The tests included HepQuant-STAT (HepQuant, LLC), a very simple liver function test, according to Helmke. Patients drank a small cup of juice that contained 40 mg tetra-deuterated cholic acid (d4-CA). An hour later, researchers took a single blood drop of blood from each patient and analyzed for the concentration of d4-CA.

The patients were followed for up to 8 years, with the average follow-up being 5 years. Over the course of follow-up, 52 patients experienced at least one clinical outcome and most experienced more than one outcome, according to Helmke.

 “Almost all the patients first experienced an increase in [Child-Turcotte-Pugh] score, then two-thirds of patients went on to clinical decompensation and a fraction succumbed to their disease. So the point here is these outcomes are occurring many years after we’ve done this baseline testing,” Helmke said.

According to the presentation, healthy controls had d4-CA levels of 0.37 ± 0.11 µm compared with patients with HCV without clinical outcomes (0.94 ± 0.52 µm) and patients with HCV with clinical outcomes (1.76 ± 0.99 µm).

“Patients who did not have any clinical outcomes still had fibrosis and cirrhosis and their serum levels were significantly higher than controls,” Helmke said. “The patients who were going to have future clinical outcomes had at baseline, even higher levels of cholic [acid].”

The area under the receiver operating curve was 0.8 for HepQuant-STAT vs. 0.75 for liver biopsy; sensitivity was 75% for HeoQuant0STAT vs. 71% for liver biopsy; and specificity was 74% for HepQuant-STAT vs. 66% for liver biopsy. The HepQuant-STAT showed improvement over biopsy for all measures, according to the presentation.

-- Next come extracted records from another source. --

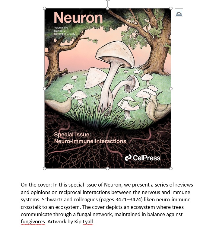 4. Further establish the importance of the field, which was initiated by my team in 1998, as summarized by a Nature journalist in June 2022 ("The immune cells are guardians of the brain", (https://www.ncbi.nlm.nih.gov/pubmed/35650361(opens in new window)) and in the special issue of Neuron, in which I proposed viewing brain-immunity as an ecosystem ( https://www.ncbi.nlm.nih.gov/pubmed/36150394(opens in new window)).
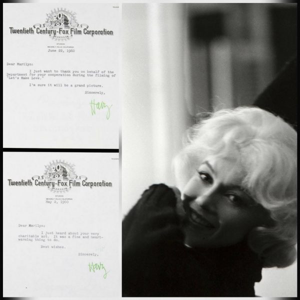 “Two letters from Harry Brand, head of publicity at 20th Century Fox” [sent during production of Let’s Make Love (1960.) In one letter, he commends her for a ‘fine and heartwarming’ charitable act. This may refer to Marilyn’s generosity towards a crew member whose wife was in hospital.]
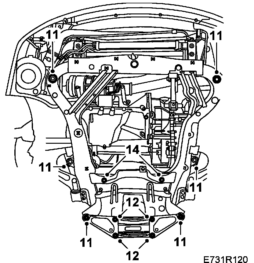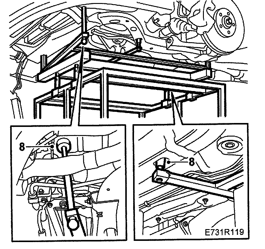 Subframe, petrol enginesThis method is used when the same subframe is to be refitted.
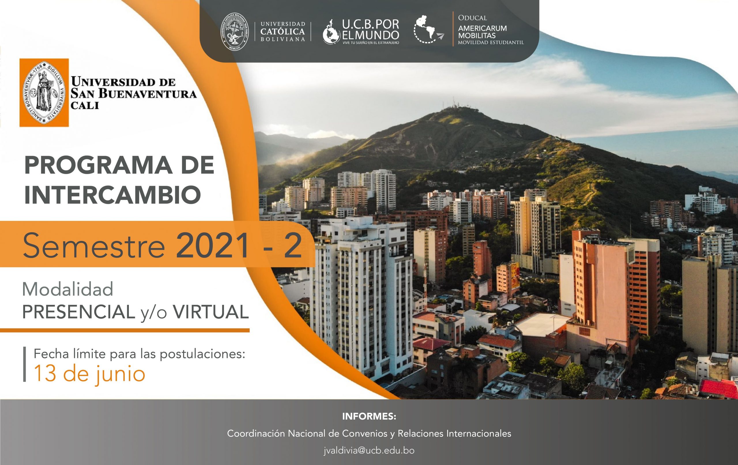 La Universidad de San Buenaventura CALI es parte del Programa de Movilidad Estudiantil UCB por el Mundo y ofrece clases en la modalidad Presencial y/o Virtual.
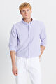 Tailored Slim Fit Dar Kesim Düğmeli Yaka Gofre Desenli Pembe Gömlek
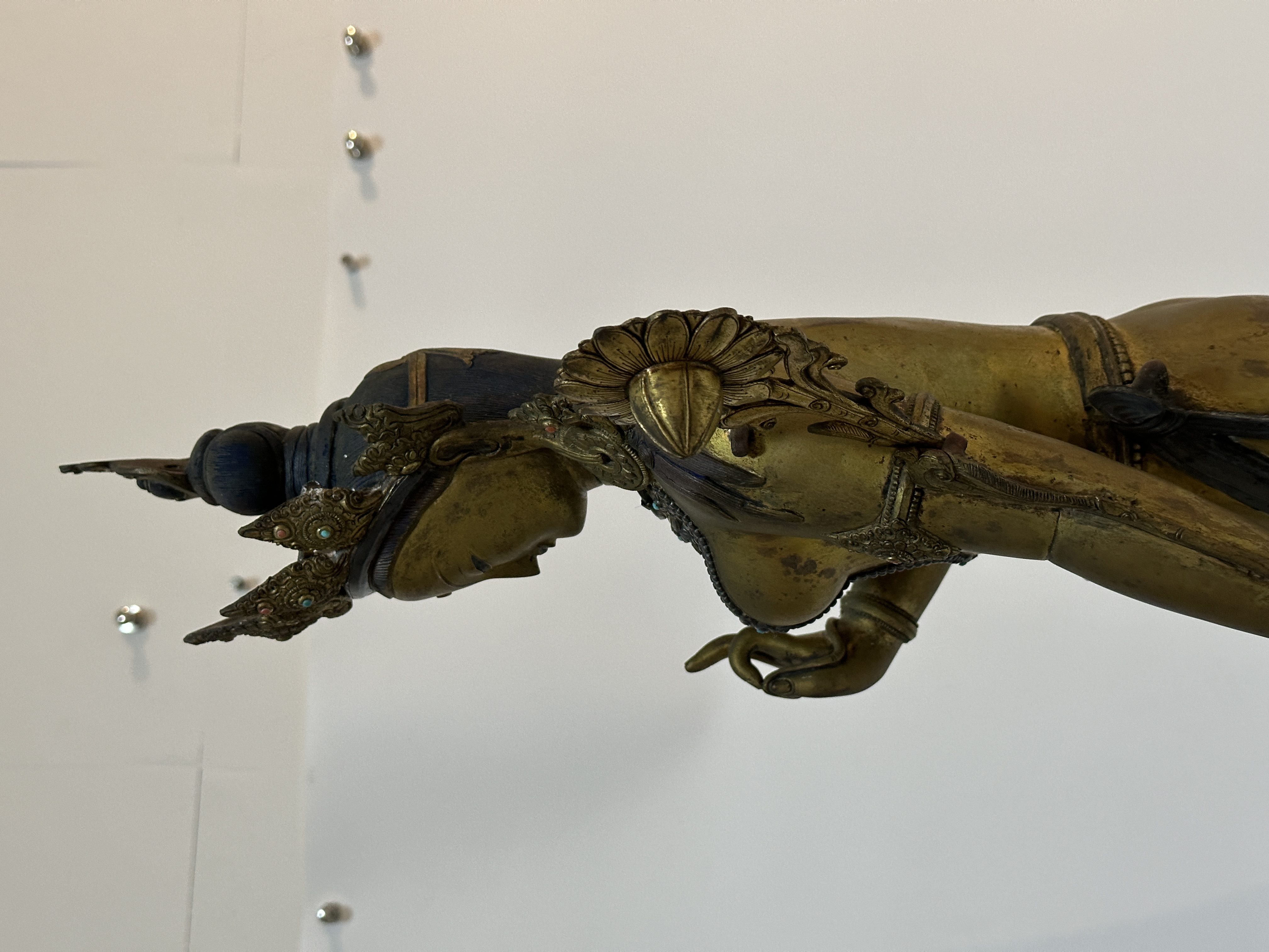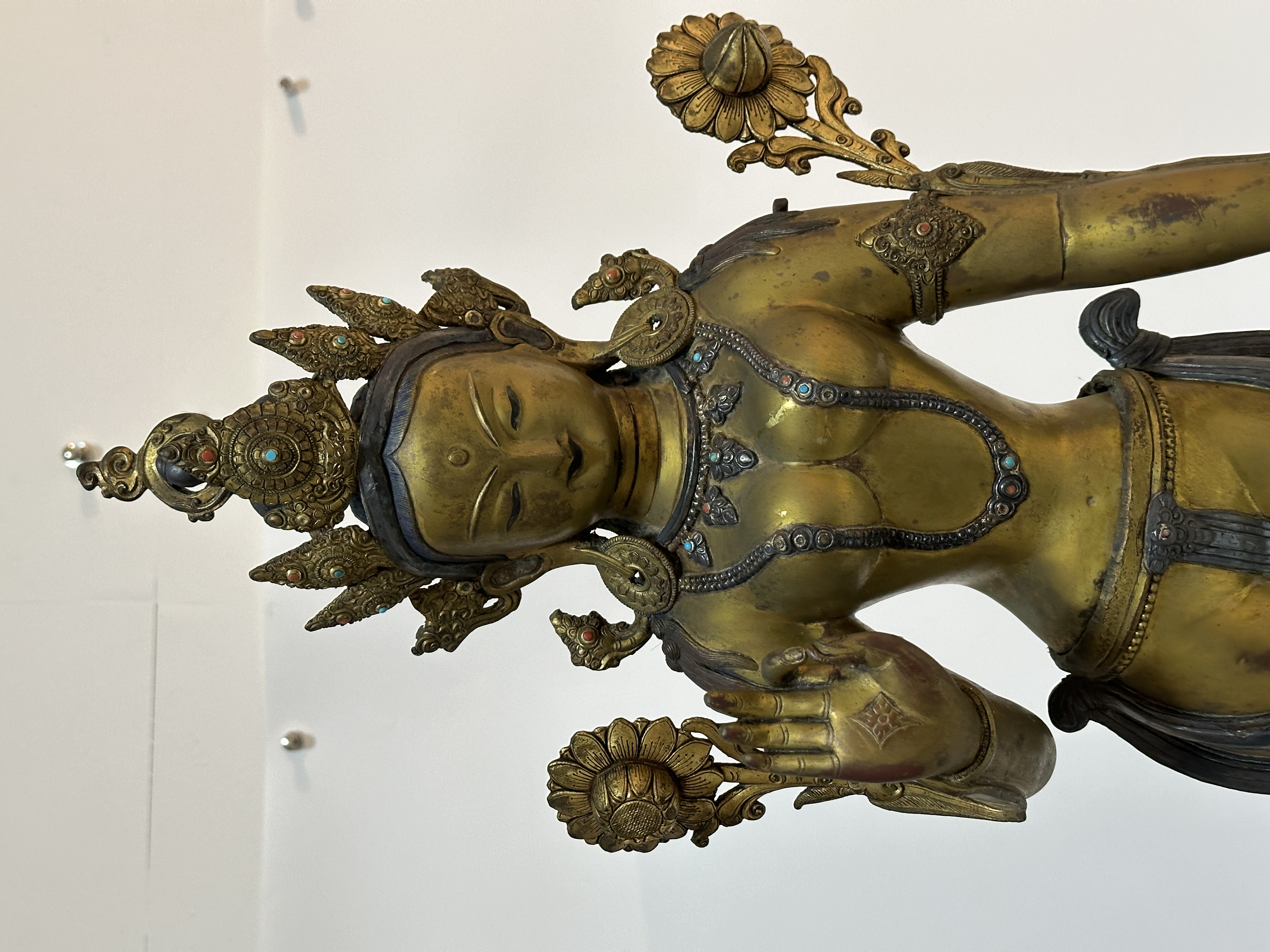 這尊立姿銅鎏金貼蓮花尊為藏傳佛教蓮花手菩薩像,呈優美S形立姿,通體鎏金工藝精湛,頭戴華麗花冠高髻頂飾摩尼寶珠,面容飽滿慈祥細眉長眼微俯視,雙臂釵插蓮花,左手下垂握枝右手當胸虛握,足踏仰覆雙層蓮花座座。銅胎厚重明亮。

Further analyses showed HepQuant-STAT was correlated with biopsy fibrosis, (R2 = 0.23), but not fat or inflammation. Also, 41% of patients with cirrhosis were at low risk and 22% of patients with noncirrhotic fibrosis were at high risk for clinical outcomes.

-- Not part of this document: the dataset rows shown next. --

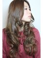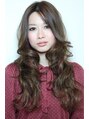 カットはフロントからサイドにかけてたっぷりレイヤーを入れバックにかけて重たくなるようにカット。パーマは大きめのロッドで巻きました。カラーは10トーンのアッシュブラウン。フロントからサイドにハイライトでピンクのマニキュアを入れました。
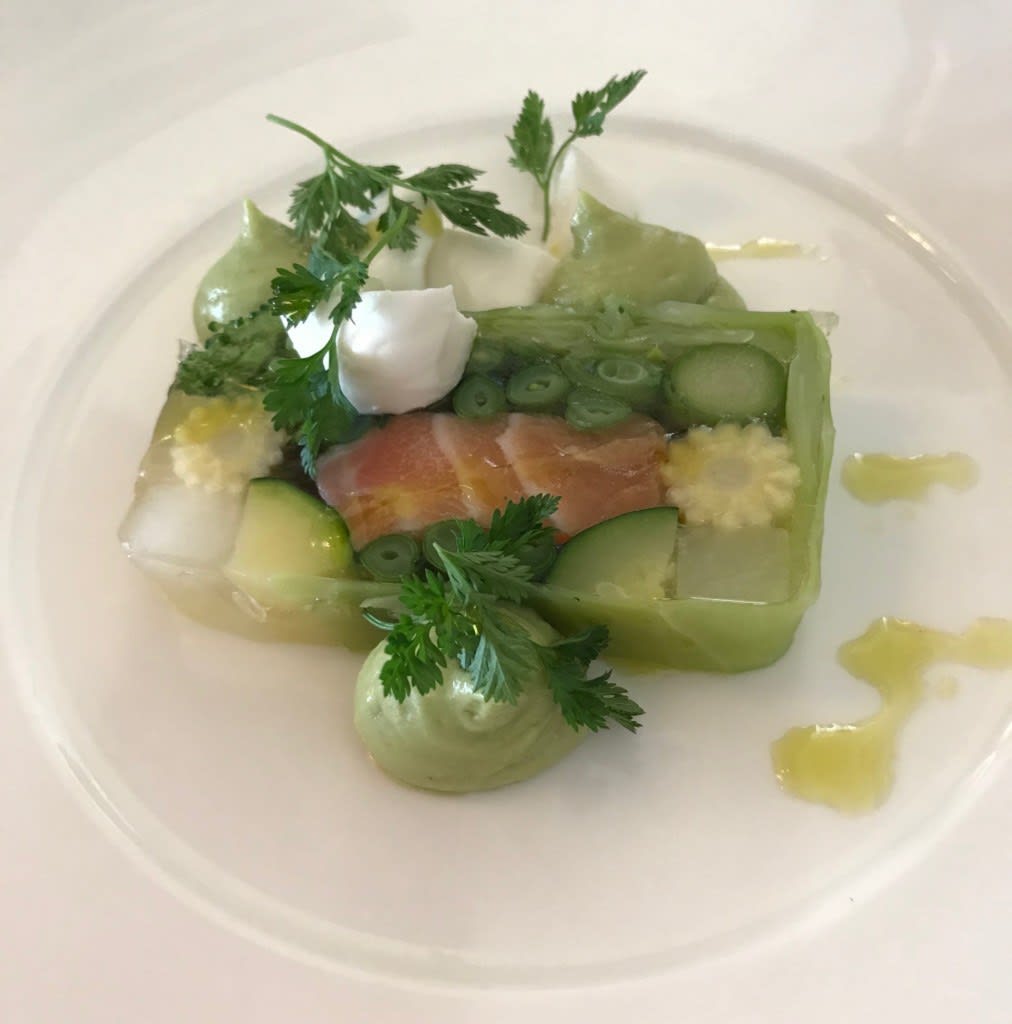 鮎のコンフィのきゅうりソースは意外な組み合わせで、下船後1ヶ月近く経ちましたが強烈な印象を未だに持っています。
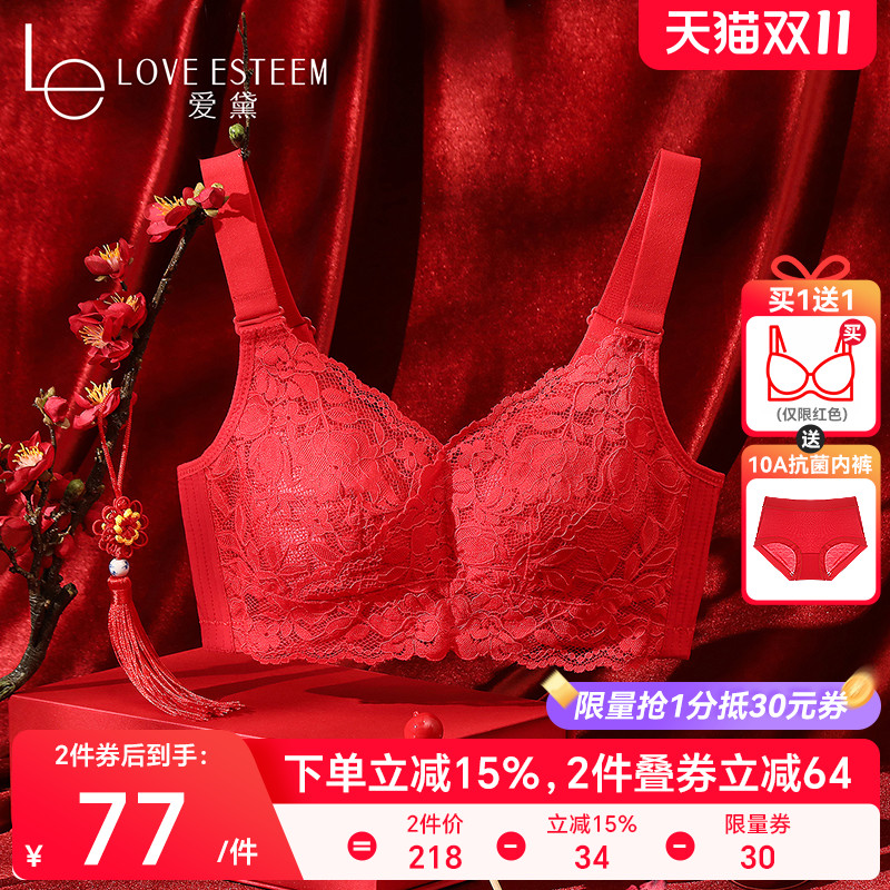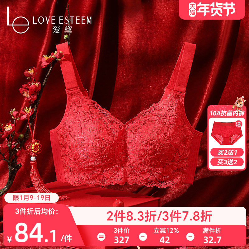 【中女时代】伊维斯红色内衣女本命年无钢圈聚拢蕾丝文胸结婚礼物

Helmke concluded: “HepQuant-STAT, a simple liver function test, could stratify HCV patients by their risk of clinical outcomes better than biopsy. HepQuant-STAT could help prioritize for antiviral treatment those HCV patients at higher risk of clinical outcomes.” – by Melinda Stevens


Helmke SM, et al. Abstract 1973. Presented at: IDWeek; Oct. 7-11, 2015; San Diego.

Disclosure: Helmke reports being a co-inventor on US Patent 9,091,701, which covers various quantitative liver function tests, including HepQuant-STAT. Please see the abstract for a full list of all authors’ relevant financial disclosures.